TOKYO, Nov. 8 (Seal News) — Household spending in Japan increased at the fastest pace on record in September from a year earlier, as a consumption tax hike from eight to 10 percent starting Oct. 1 spurred last-minute buying, the government said in a report on Friday.

According to the Ministry of Internal Affairs and Communications, household spending jumped 9.5 percent in the recording month to 300,609 yen (2,750 U.S. dollars), marking the 10th successive month of increase and the highest year-on-year rise in real terms since comparable data became available.

Economists here said that demand ahead of the latest tax hike, as compared to the previous consumption tax hike from five to eight percent in April 2014, saw consumers dash to purchase goods in the month ahead of the hike.

This was in contrast to Cabinet ministers saying previously that there was no major last-minute spike in demand.

Prior to the 2014 tax hike, demand started to rise notably six months in advance. This time around, however, hasty buying in the last month before the tax hike was stronger than expected, economists here explained.
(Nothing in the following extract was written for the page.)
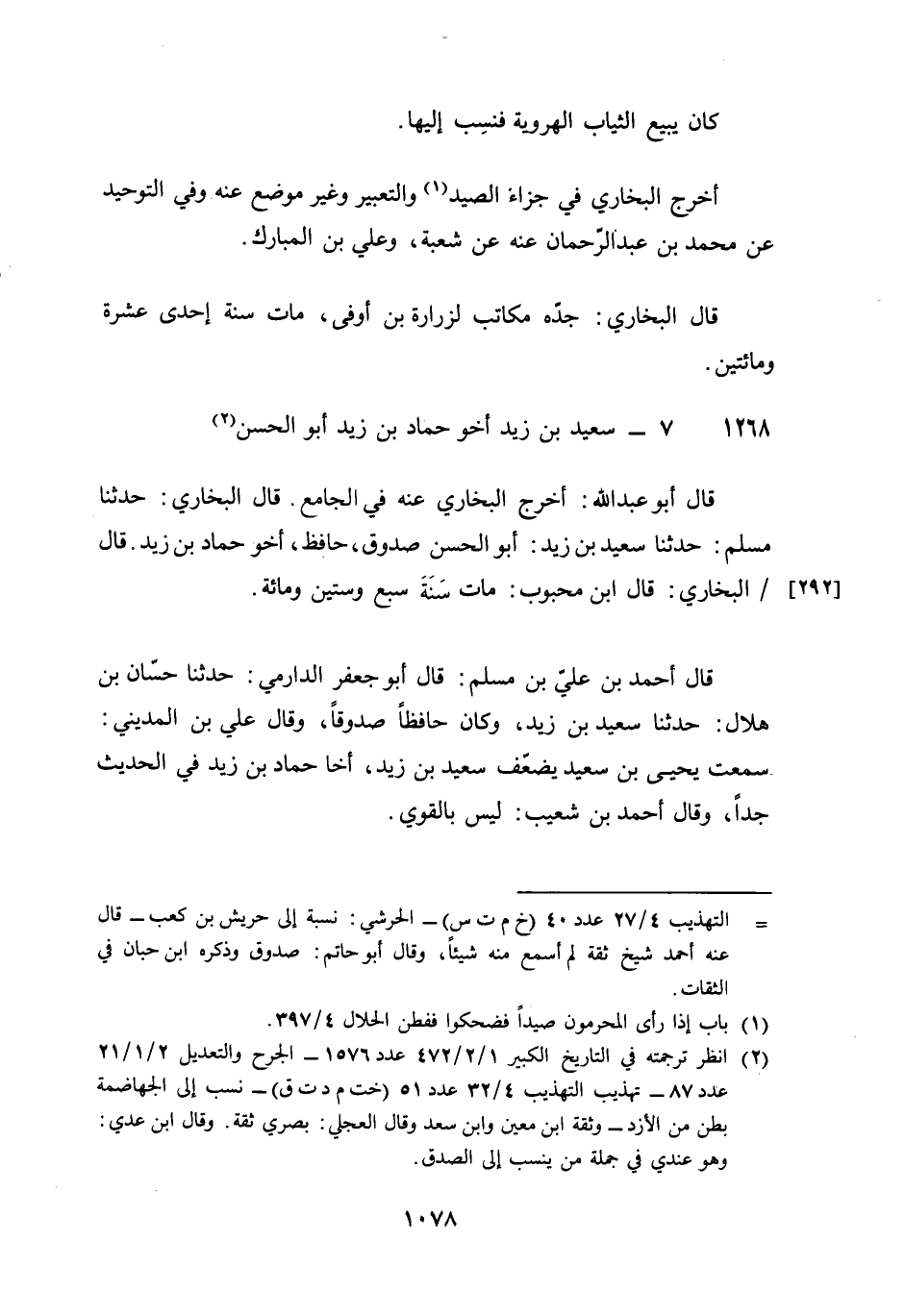 1268 - سعيد بن زيد أَخُو حَمَّاد بن زيد أَبُو الْحسن قَالَ أَبُو عبد الله أخرج البُخَارِيّ عَنهُ فِي الْجَامِع قَالَ البُخَارِيّ حَدثنَا مُسلم حَدثنَا سعيد بن زيد أَبُو الْحسن صَدُوق حَافظ أَخُو حَمَّاد بن زيد قَالَ البُخَارِيّ قَالَ بن مَحْبُوب مَاتَ سنة سبع وَسِتِّينَ وَمِائَة قَالَ أَحْمد بن عَليّ بن مُسلم قَالَ أَبُو جَعْفَر الدَّارمِيّ حَدثنَا حسان بن هِلَال حَدثنَا سعيد بن زيد وَكَانَ حَافِظًا صَدُوقًا وَقَالَ عَليّ بن الْمَدِينِيّ سَمِعت يحيى بن سعيد يضعف سعيد بن زيد أَخا حَمَّاد بن زيد فِي الحَدِيث جدا وَقَالَ أَحْمد بن شُعَيْب لَيْسَ بِالْقَوِيّ

Spending on household durable goods, including but not limited to refrigerators and air conditioners, saw a significant uptick in the recording month, the ministry said, although added that it was spending on transportation and telecommunication-linked items like travel passes and mobile phones that contributed the most to the record increase.

Household spending is a key indicator of private consumption and accounts for more than half of Japan’s gross domestic product.